When Corruption Was King
- North American first edition cover
- Author: Robert Cooley, with Hillel Levin
- Language: English
- Genre: Memoir
- Publisher: Carroll & Graf
- Publication date: August 10, 2004
- Publication place: United States
- Media type: Print (hardcover)
- Pages: 336 pages
- ISBN: 0-7867-1583-9

= When Corruption Was King =

2004 memoir by Robert Cooley and with Hillel Levin

When Corruption Was King: How I Helped the Mob Rule Chicago, Then Brought the Outfit Down is a memoir written by Robert Cooley, a lawyer who once worked for Mafia members in Chicago but eventually turned in his former clients. The book is co-written by journalist Hillel Levin and was published by Perseus Publishing in 2004. It details Cooley's friendships with Pat Marcy, Harry Aleman "The Hook," and Tony Spilotro and tells the story of the nine trials in which Cooley helped the U.S. Organized Crime Strike Force convict several key Mafia figures.

==Background==
Robert Cooley was the Chicago Mafia's "Mechanic" - a fixer of court cases. During the 1970s and 1980s, Cooley bribed judges, court clerks, and cops to keep his Mob clients, including hit men, bookies, racketeers, and crooked politicians, out of jail. Paid for his services, he enjoyed the protection of the men he served. Through the 1990s, Cooley became the star witness in a series of trials that took down the Chicago Outfit, arguably the most powerful Mafia family in the history of organized crime.

==Synopsis==
Cooley's account tells how he chased crooked acquittals for the likes of Pat Marcy, originally an Al Capone protégé who had become the Mob's key political operative; Mafia Capo and gambling czar Marco D'Amico; and notorious hit man Harry Aleman. He dined with Mob bosses and shared "last suppers" with friends before their gangland executions. Cooley watched as Marcy and the Mob controlled the courts, the cops, and the politicians. Then he walked into the office of the U.S. Organized Crime Strike Force and of his own free will agreed to wear a wire on the same Mafia overlords who had made him a player. Cooley's tapes and testimony would be at the center of nine landmark trials that together exposed and then broke the Mob's unprecedented stranglehold on Chicago's government and court system.

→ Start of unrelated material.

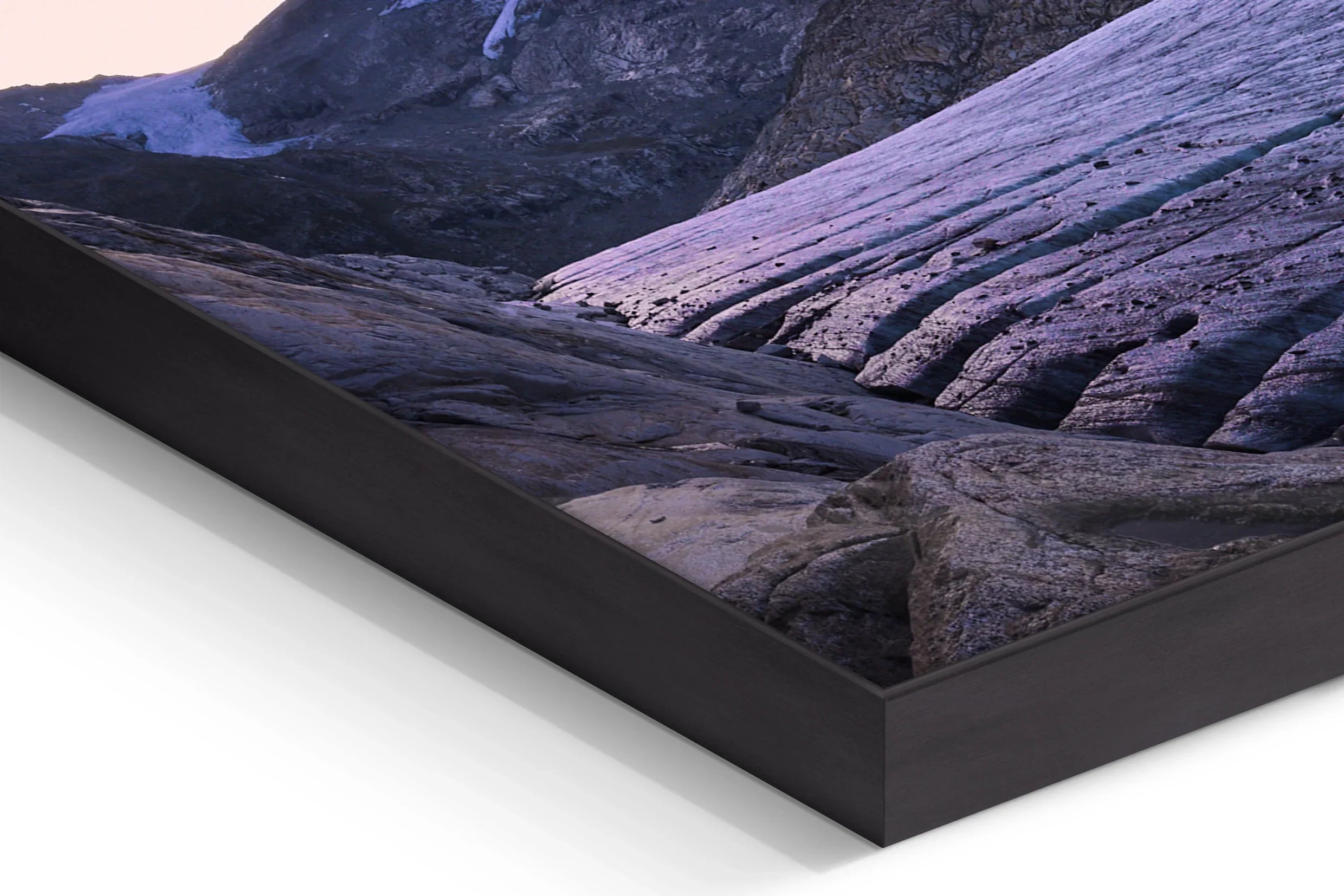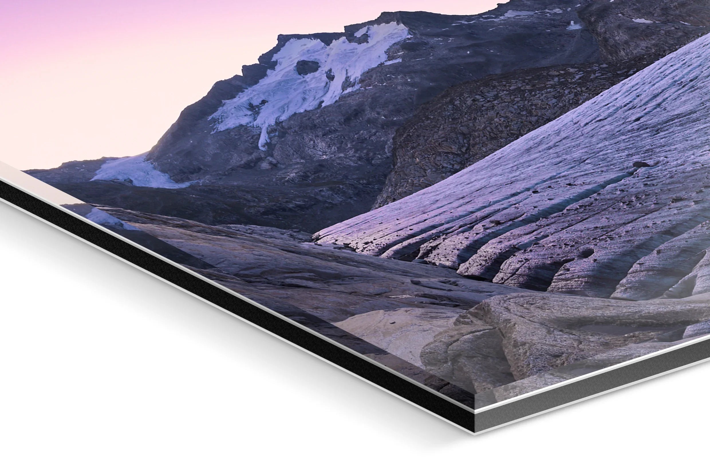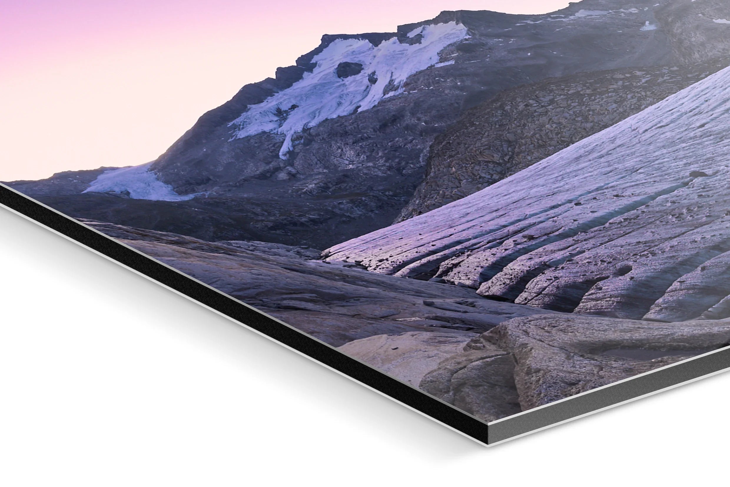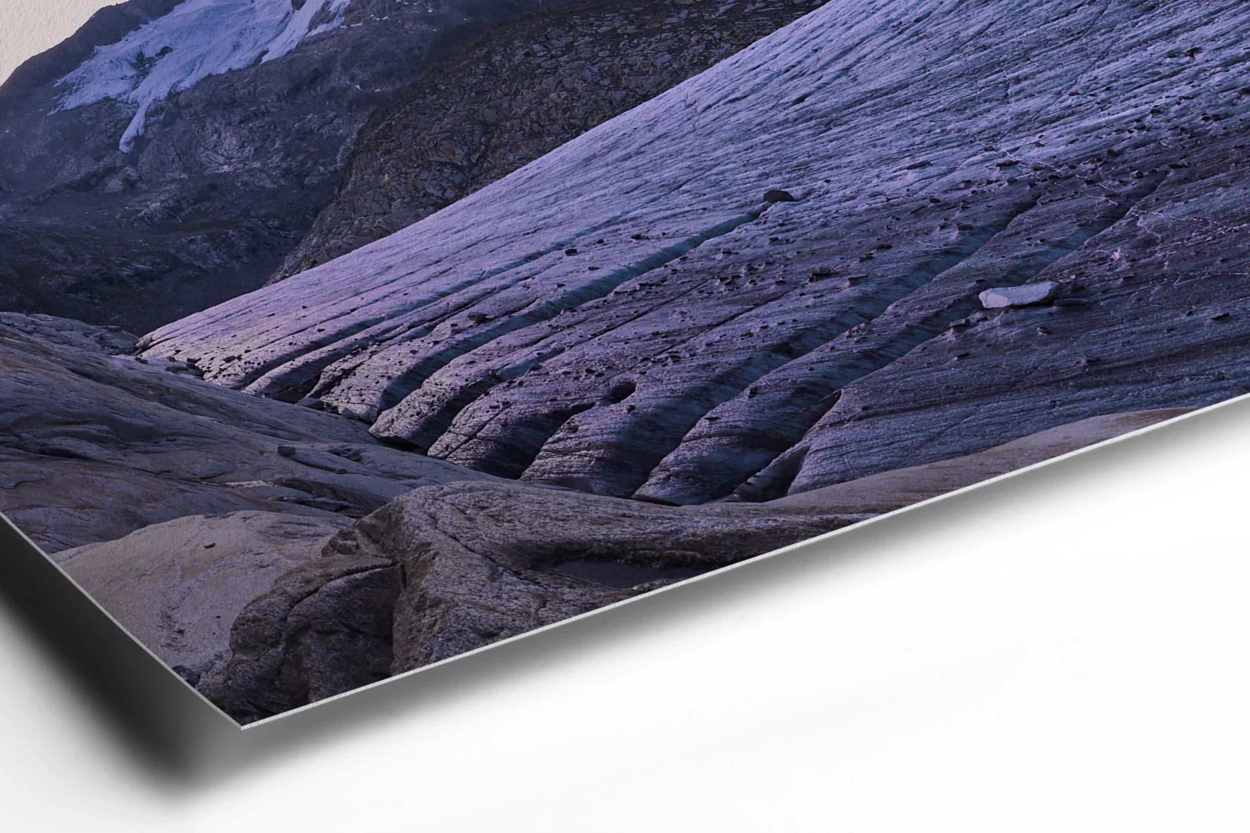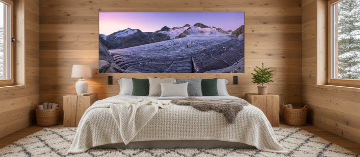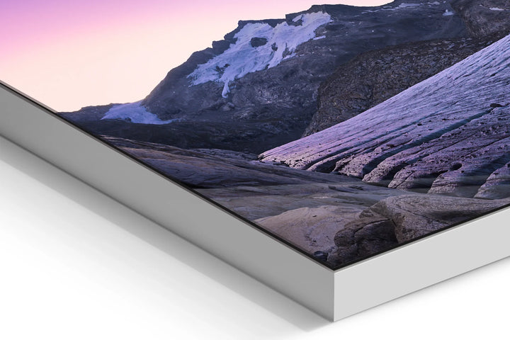 "Morning Light on Ice" is a captivating fine art photograph that transports the viewer to the majestic solitude of a glacier at dusk. The serene lavender hues of the sky envelop the rugged peaks, their snow-capped summits softly illuminated by the gentle embrace of fading daylight. This exquisite composition highlights the graceful, undulating lines of the glacier, etched with time and resilience, leading the eye across the vast expanse of this natural wonder. The mood is both calming and profound, invoking a deep sense of introspection and awe. The interplay of light and shadow creates a dreamlike atmosphere, inviting the observer to pause and embrace the quiet strength of nature. This piece stands as a testament to the ephemeral beauty of our planet, making it a highly desirable addition for discerning collectors who seek both exclusivity and artistry. The photograph's dynamic yet tranquil essence ensures it will be a cherished centerpiece, offering inspiration and serenity to any fine art collection.
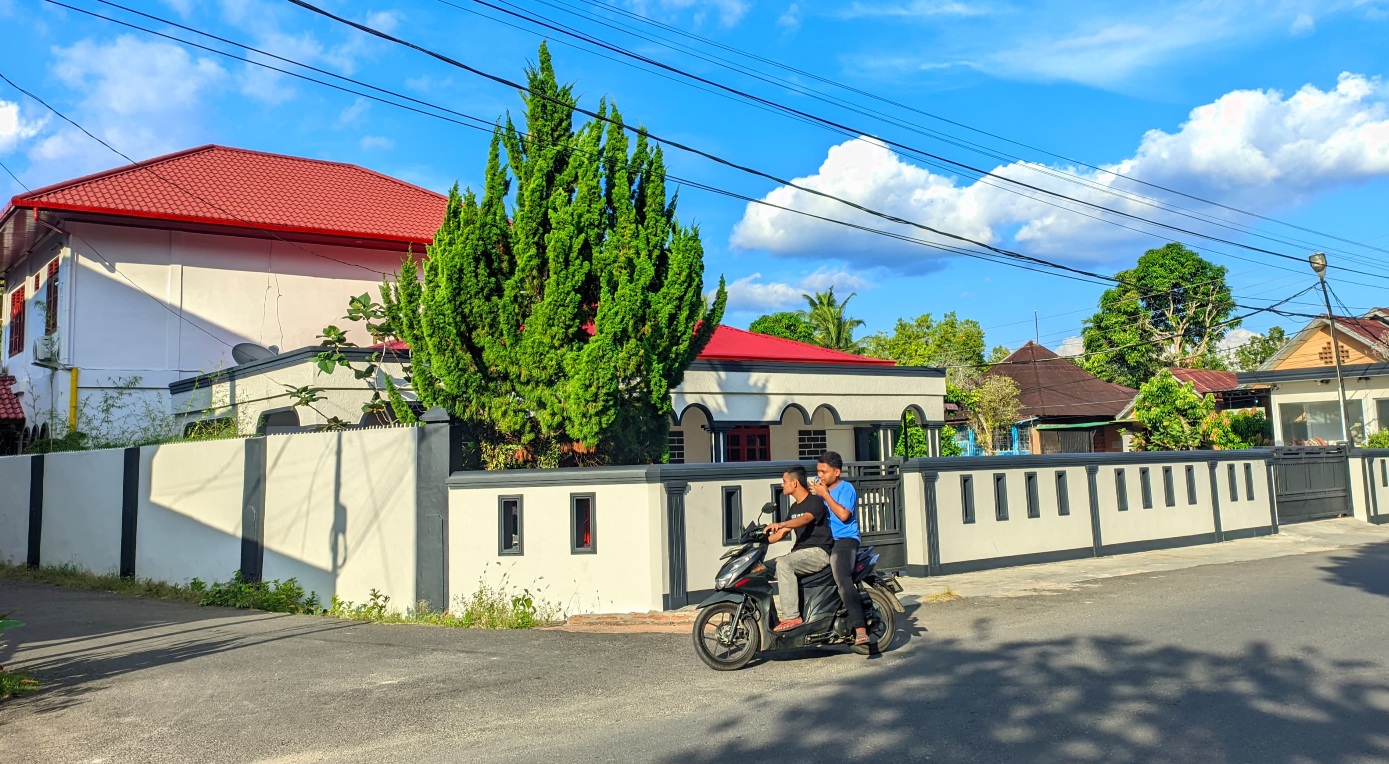 Menurut pantauan wartawan, rumah itu memili cat warna putih dipadu dengan hitam. Pagar dan rumah dicat putih hitam sedangkan atas rumah dicat warna coklat.

== Publication and reception ==
The book is co-written by journalist Hillel Levin and was published by Perseus Publishing in 2004.

Publishers Weekly praised the book, but described the prose as "more workmanlike than memorable", while a reviewer for Booklist described it as a "mesmerizing treatise on organized crime". Reviewer Mark V. Muller praised the book, describing it as an "overwhelming" and "gripping" account of Cooley's life.

==Film adaptation==
In March 2011, Paramount Pictures announced in Variety Mark Wahlberg's attachment to produce and possibly star in the movie adaptation of When Corruption Was King, along with Twilight Saga producers Temple Hill. Variety reported that Frank Baldwin is adapting the script based on Robert Cooley's memoirs "about a southside Chicago lawyer who becomes the mob's most trusted attorney until, as a state witness, he brings the organization down."